Abstract
Accelerated longitudinal designs (ALD) allow studying developmental processes usually spanning multiple years in a much shorter time framework by including participants from different age cohorts, which are assumed to share the same population parameters. However, different cohorts may have been exposed to dissimilar contextual factors, resulting in different developmental trajectories. If such differences are not accounted for, the generating process will not be adequately characterized. In this paper, we propose a continuous-time latent change score model as an approach to capture cohort differences affecting the speed of maturation of psychological processes in ALDs. This approach fills an important gap in the literature because, until now, no method existed for this goal. Using a Monte-Carlo simulation study, we show that the proposed model detects cohort differences adequately, regardless of their size in the population. Our proposed model can help developmental researchers control for cohort effects in the context of ALDs.
Disclosure statement
The authors report there are no competing interests to declare.
Notes
1 Quadratic and higher order components are also sometimes interpreted a rate of acceleration (e.g., Finkel et al., Citation2007; Gerstorf et al., Citation2011).

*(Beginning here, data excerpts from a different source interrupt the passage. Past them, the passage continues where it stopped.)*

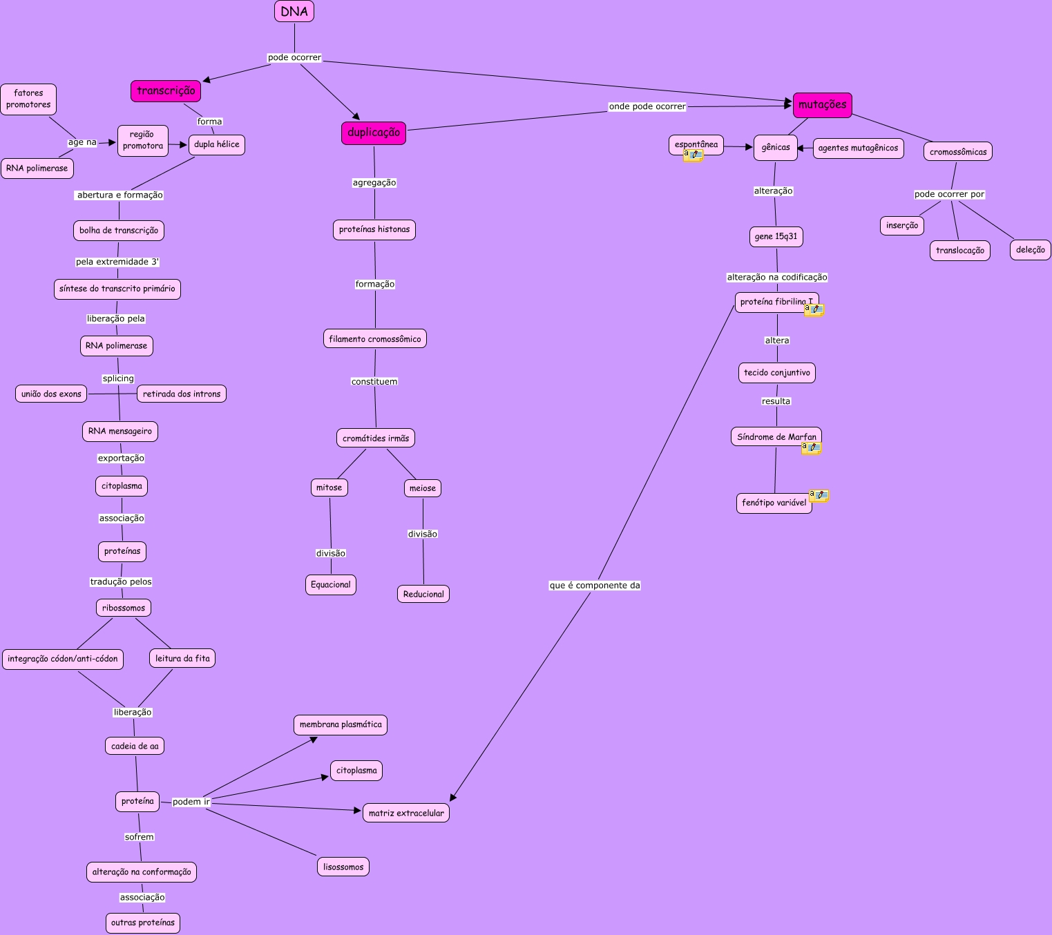 Julia, Lia, Luana, Mariana M, Marina e Pedro, proteína podem ir citoplasma, integração códon/anti-códon liberação cadeia de aa, DNA pode ocorrer transcrição, proteína fibrilina I que é componente da matriz extracelular, cadeia de aa ???? proteína, cromossômicas pode ocorrer por translocação, mutações ???? gênicas, DNA pode ocorrer duplicação, proteína sofrem alteração na conformação, mitose divisão Equacional
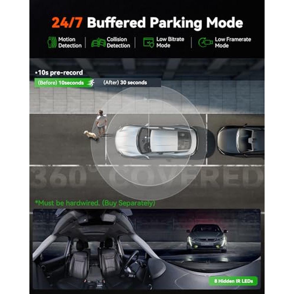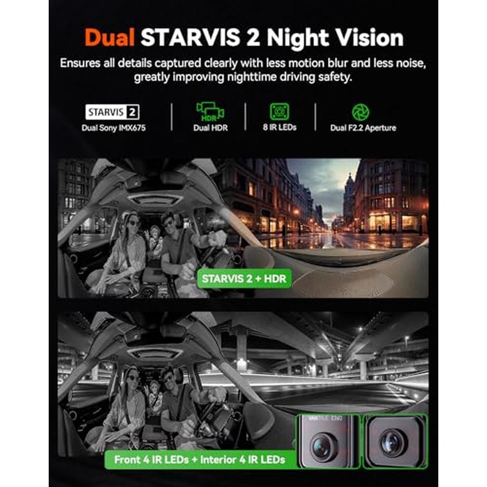 | Special features | 5.2K (5184x1944P) 360 Panoramic Recording, Dual IMX675 Sensor with STARVIS 2 technology, HDR, 8 IR LEDs, Dual-Sys. GPS Logger, Smart Voice Control, 1.54 IPS Touchscreen, Built In Supercapacitor, Built-In Microphone & Speaker, Support 1TB Max, Built-In WiFi, G-Sensor, Loop Recording, Night Vision |
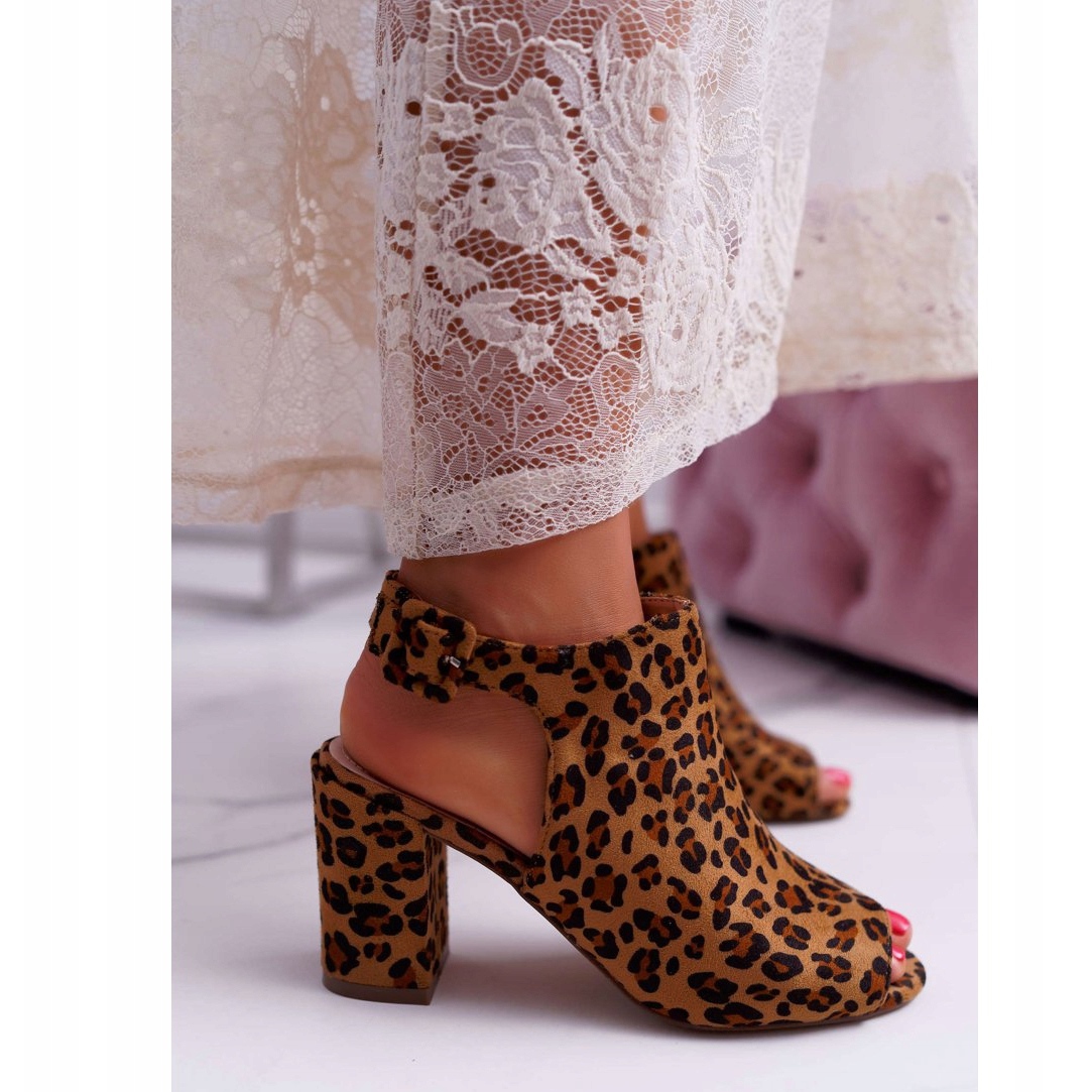 Détails: BUGO Sandales pour femmes à talon haut avec bout ouvert léopard Esta Shank brun
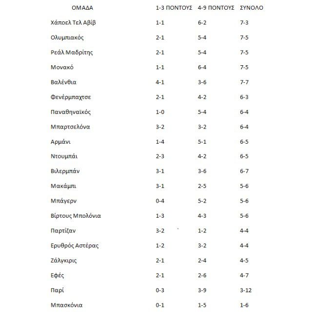 Στο σύνολο πάντως των μονοψήφιων αγώνων η Χαποέλ Τελ Αβίβ έχει τα πρωτεία με ποσοστό νικών 70%(7 νικες-3 ήττες) ενώ απίθανη είναι η επίδοση της Παρί. 15 από τα 20 παιχνίδια της έχουν κριθεί με μονοψήφια διαφορά πόντων (τα περισσότερα από κάθε άλλη ομάδα) αλλά έχει κατορθώσει να κερδίσει σε μόλις τρία από αυτά! Κάτι ανάλογο είναι και το….κατόρθωμα της Μπασκόνια. Είναι η ομάδα που έχει παίξει τα λιγότερα μονοψήφια παιχνίδια (μόλις 7) και έχει κερδίσει μόνο σε ένα!
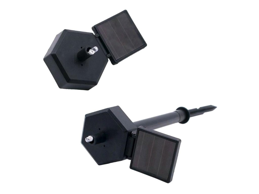 - Je poháněn solární energií z polykrystalického panelu (který nabíjí vestavěnou baterii).

2 Further within-individual variability could be incorporated into the model in the form of prediction errors (i.e., innovation or dynamic error) at the latent level (Oravecz et al., Citation2011; Voelkle et al., Citation2012; Voelkle & Oud, Citation2015). This specification, however, is very uncommon in the LCS framework.
3 LCS models are also capable of capturing exponential trajectories of accelerated (instead of decelerated) change, which are defined by a positive self-feedback. In such scenarios, scores further from the initial level lead to larger subsequent changes, resulting in a pattern of “explosive” change, where even small increases in time lead to dramatic changes in the variable of interest.
4 When the latent level of y is measured by multiple indicators, Equation 9 can be extended to include them. In that case, the dimensions of the vector of observed variables, the matrix of factor loadings, and the vector of measurement errors are rescaled according to the number of indicators.
5 Note that the dual LCS model described in previous sections and the LCS model with moderators from Equations (10)–(12) differ in the interpretation of some parameters. In the former, the parameters β, µa, and σa describe the trajectories of the whole sample of participants, whereas in our model they refer to participants with a value of zero in the cohort variable (i.e., when cohk = 0).
6 When cohort effects are null (d = 0), the parameters λβ, λµa, and λσa have populational values of zero (θ = 0), and thus computing the RB would imply dividing by zero. In such conditions, RB was computed by dividing the absolute bias by the minimum value for θ in our study, that is, the population value of λβ, λµa, and λσa in conditions with small cohort differences (d = .1).